Activity: In the listing below, locate the line containing "Arnavutköy’de aracına sığmayan" and the line containing "Глава Республики Северная". Output both of them and every line between, exactly as written, and nothing more.

Data excerpts:
● ● ● ● ●
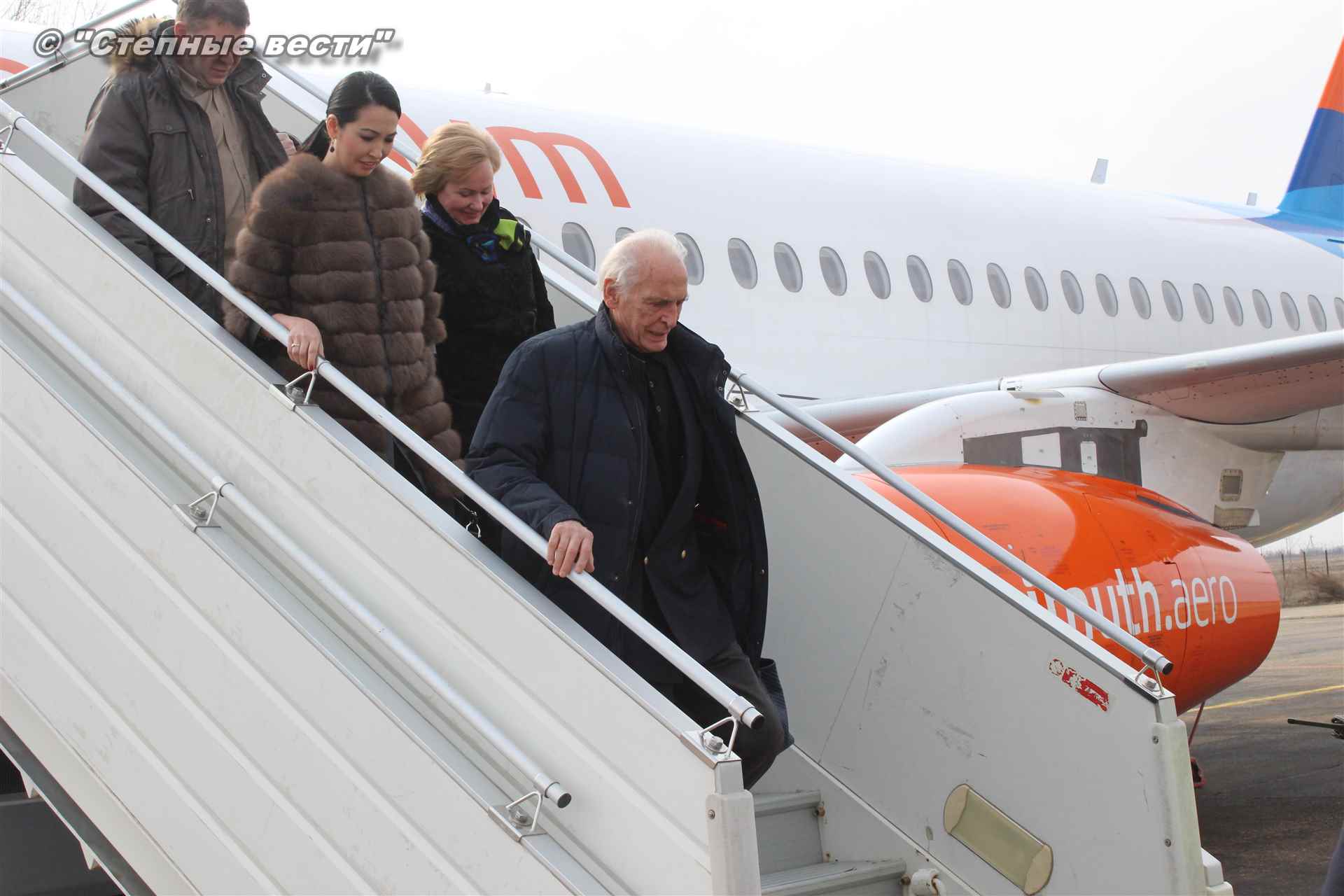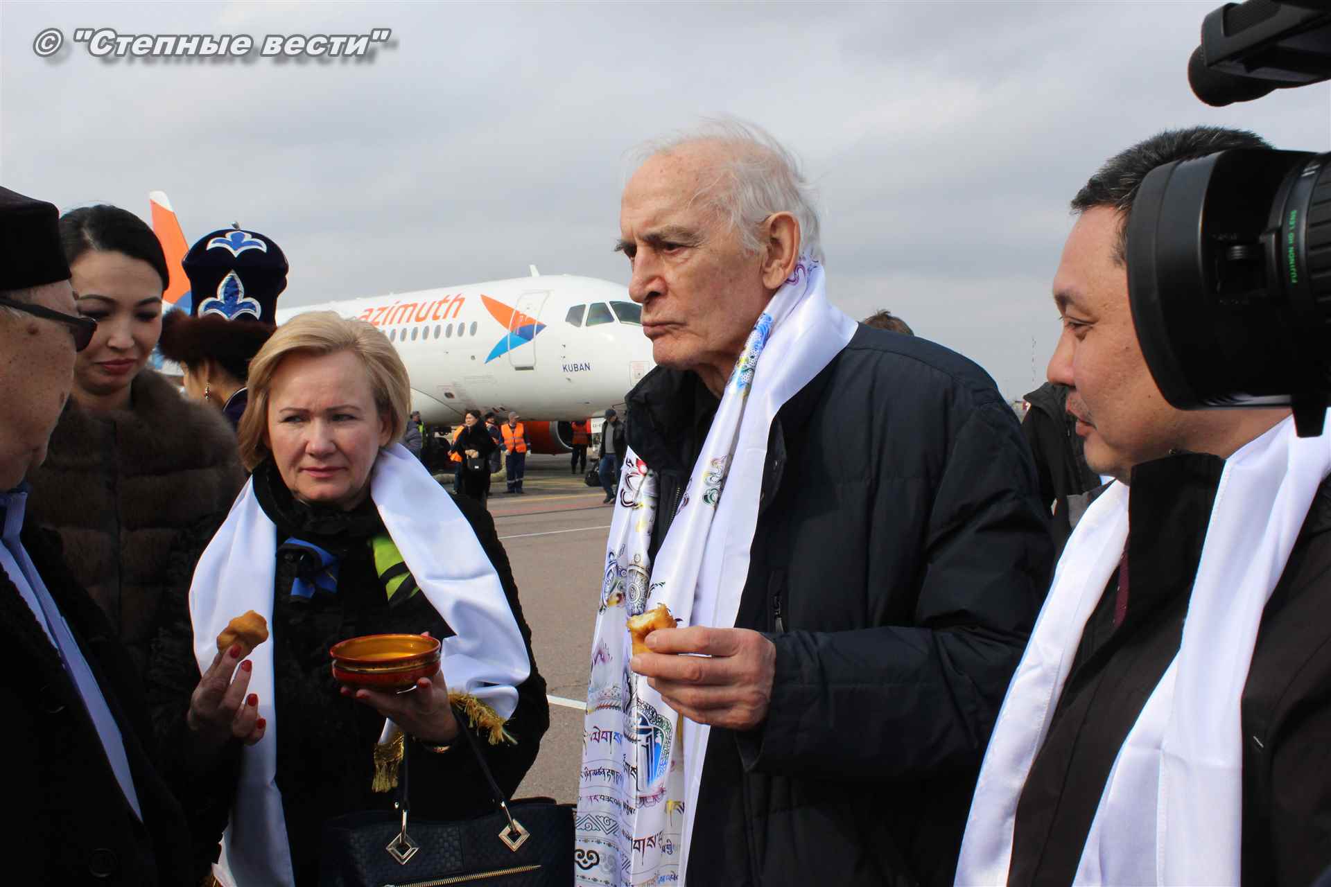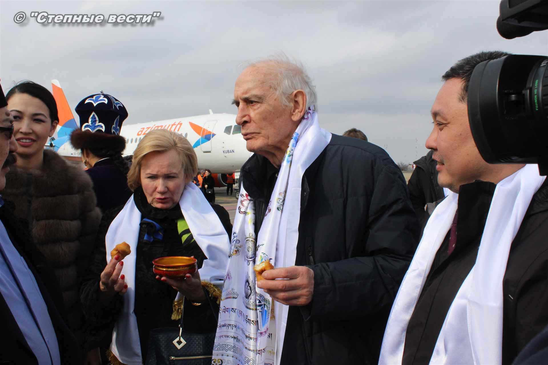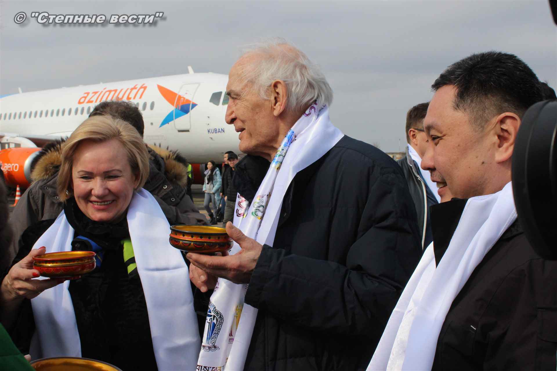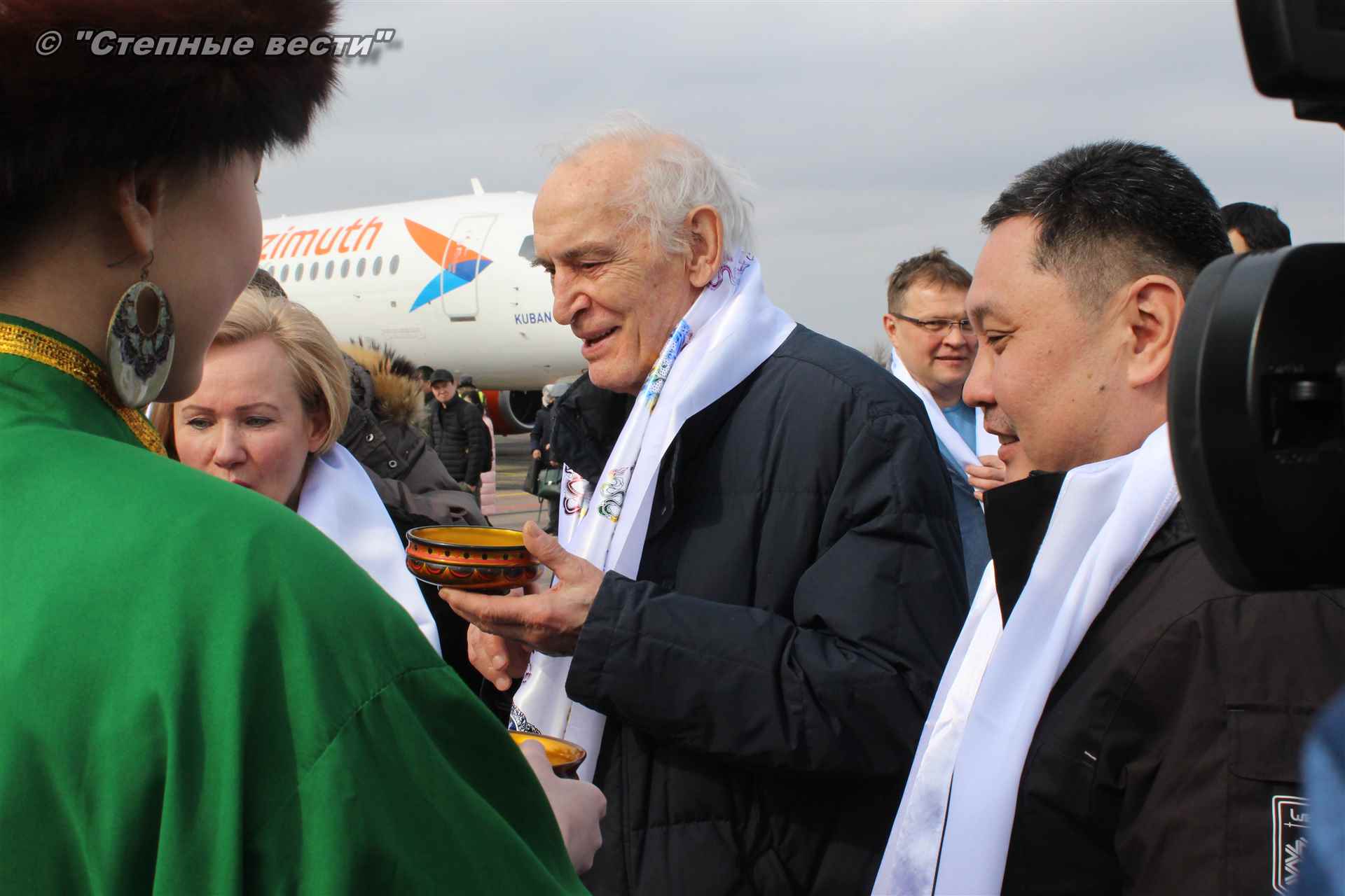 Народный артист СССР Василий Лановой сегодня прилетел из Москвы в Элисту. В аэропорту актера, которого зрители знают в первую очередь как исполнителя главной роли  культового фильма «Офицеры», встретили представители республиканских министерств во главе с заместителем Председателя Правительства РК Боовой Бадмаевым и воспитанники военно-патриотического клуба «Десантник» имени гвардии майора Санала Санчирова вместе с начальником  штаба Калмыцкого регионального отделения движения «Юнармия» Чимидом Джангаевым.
● ● ● ● ●
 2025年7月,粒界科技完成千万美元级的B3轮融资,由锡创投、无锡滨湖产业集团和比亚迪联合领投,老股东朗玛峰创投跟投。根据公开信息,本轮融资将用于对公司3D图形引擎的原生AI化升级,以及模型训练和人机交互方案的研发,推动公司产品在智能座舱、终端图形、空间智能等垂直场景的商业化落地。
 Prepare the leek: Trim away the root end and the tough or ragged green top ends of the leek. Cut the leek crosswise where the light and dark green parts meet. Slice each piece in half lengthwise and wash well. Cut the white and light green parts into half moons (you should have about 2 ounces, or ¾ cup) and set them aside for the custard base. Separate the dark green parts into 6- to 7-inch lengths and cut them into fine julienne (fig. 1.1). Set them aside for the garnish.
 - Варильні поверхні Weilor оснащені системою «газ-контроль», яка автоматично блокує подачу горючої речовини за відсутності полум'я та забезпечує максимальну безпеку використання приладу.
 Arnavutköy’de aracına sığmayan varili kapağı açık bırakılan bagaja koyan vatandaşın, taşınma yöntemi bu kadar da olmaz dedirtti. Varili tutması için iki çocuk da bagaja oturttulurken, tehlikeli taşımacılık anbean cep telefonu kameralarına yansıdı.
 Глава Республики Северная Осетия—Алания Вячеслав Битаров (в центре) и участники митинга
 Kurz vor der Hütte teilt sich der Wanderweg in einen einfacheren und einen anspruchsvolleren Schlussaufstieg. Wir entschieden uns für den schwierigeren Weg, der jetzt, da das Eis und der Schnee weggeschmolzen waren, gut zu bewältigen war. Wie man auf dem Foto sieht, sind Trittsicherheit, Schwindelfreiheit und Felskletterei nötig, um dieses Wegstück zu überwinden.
● ● ● ● ●
Task solution:
 Arnavutköy’de aracına sığmayan varili kapağı açık bırakılan bagaja koyan vatandaşın, taşınma yöntemi bu kadar da olmaz dedirtti. Varili tutması için iki çocuk da bagaja oturttulurken, tehlikeli taşımacılık anbean cep telefonu kameralarına yansıdı.
 Глава Республики Северная Осетия—Алания Вячеслав Битаров (в центре) и участники митинга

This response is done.